Position: 1. Property transferred represents partial 107(2) distribution & partial payment of debt outstanding- "in kind".
Reasons: 1. Debt must be settled for face value = fmv or tax consequences of debt forgiveness may result; gain may occur on portion of the property disposed of by the trust in payment of debt.
XXXXXXXXXX
2013-048806
Lena Holloway, CA
July 2, 2013
Attention: XXXXXXXXXX
Re: Interpretation Request regarding subsection 107(2) of the Income Tax Act (the "Act")

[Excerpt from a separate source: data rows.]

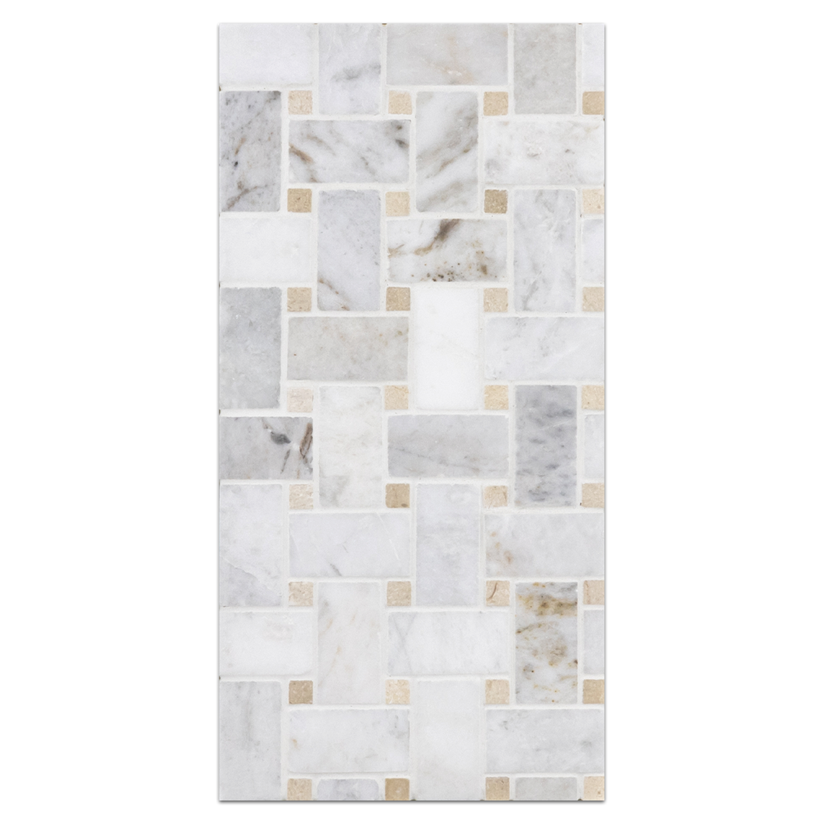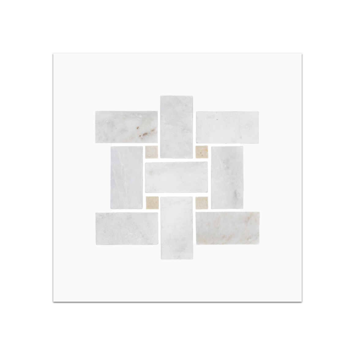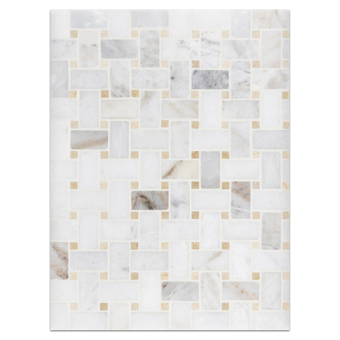 Bianco Oro Basketweave with Crema Marfil Dot Mosaic Honed
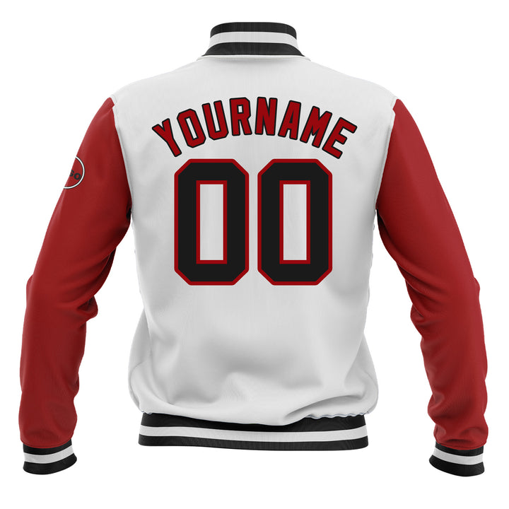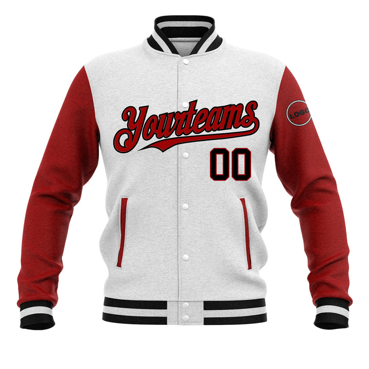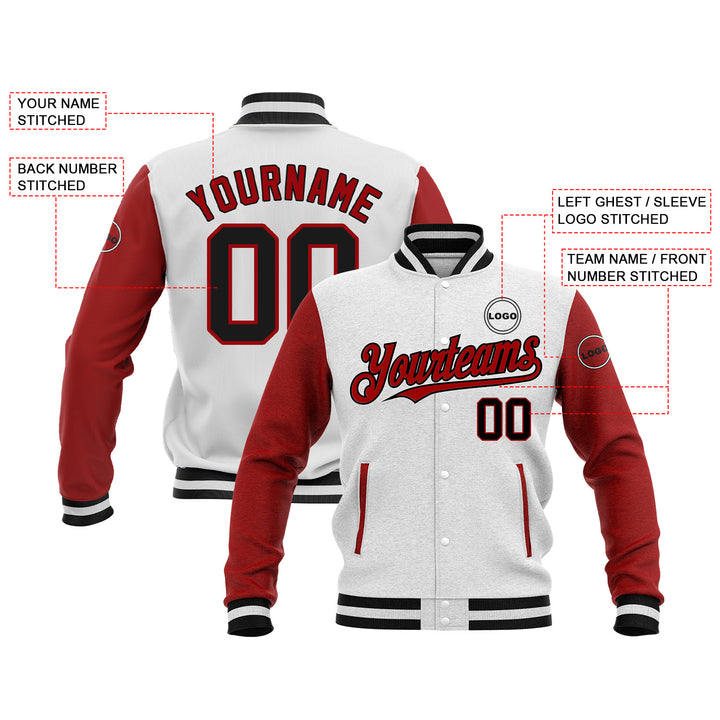 Custom White Black-Red Classic Style Two Tone Bomber Varsity Letterman Embroidered Jacket
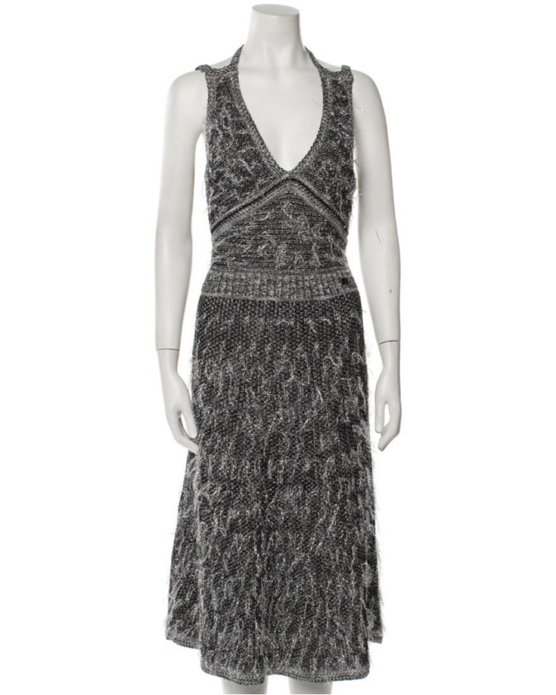 This beautiful tweed midi dress is perfect for a formal event or upscale cocktail party. The intricate pattern and flattering silhouette create a sophisticated and chic look.

This is in reply to your submission of May 8, 2013 in which you requested a technical interpretation of the applicability of subsection 107(2) of the Act in a hypothetical situation with the following assumed facts and assumptions:
(i) a father settled a fully discretionary trust for the benefit of a child (the "Child") and the children of the Child and the terms of the trust permit a discretionary payout of the capital of the trust to a single beneficiary of the trust to the exclusion of the other beneficiaries;
(ii) the Child is now the sole trustee of the trust;
(iii) the trust received bona fide loans from arm's length financial institutions and the Child through the years and used the funds to purchase commercial and residential real property which has appreciated significantly in value to date;
(iv) the arm's length financial institution's debt has been paid by the trust but a significant amount remains owing by the trust to the Child;
(v) the 21 year anniversary date of the trust is approaching and the Child wishes to distribute all of the real property of the trust to herself prior to the 21 year anniversary date of the trust on the wind-up of the trust;
(vi) it is contemplated that the Child's debt from the trust will not be outstanding after the distribution of the trust's property to the Child such that the Child can be considered to have been effectively repaid by a portion of the real property distributed to the Child on the wind-up of the trust; and
(vii) subsection 75(2) of the Act has never applied to the trust.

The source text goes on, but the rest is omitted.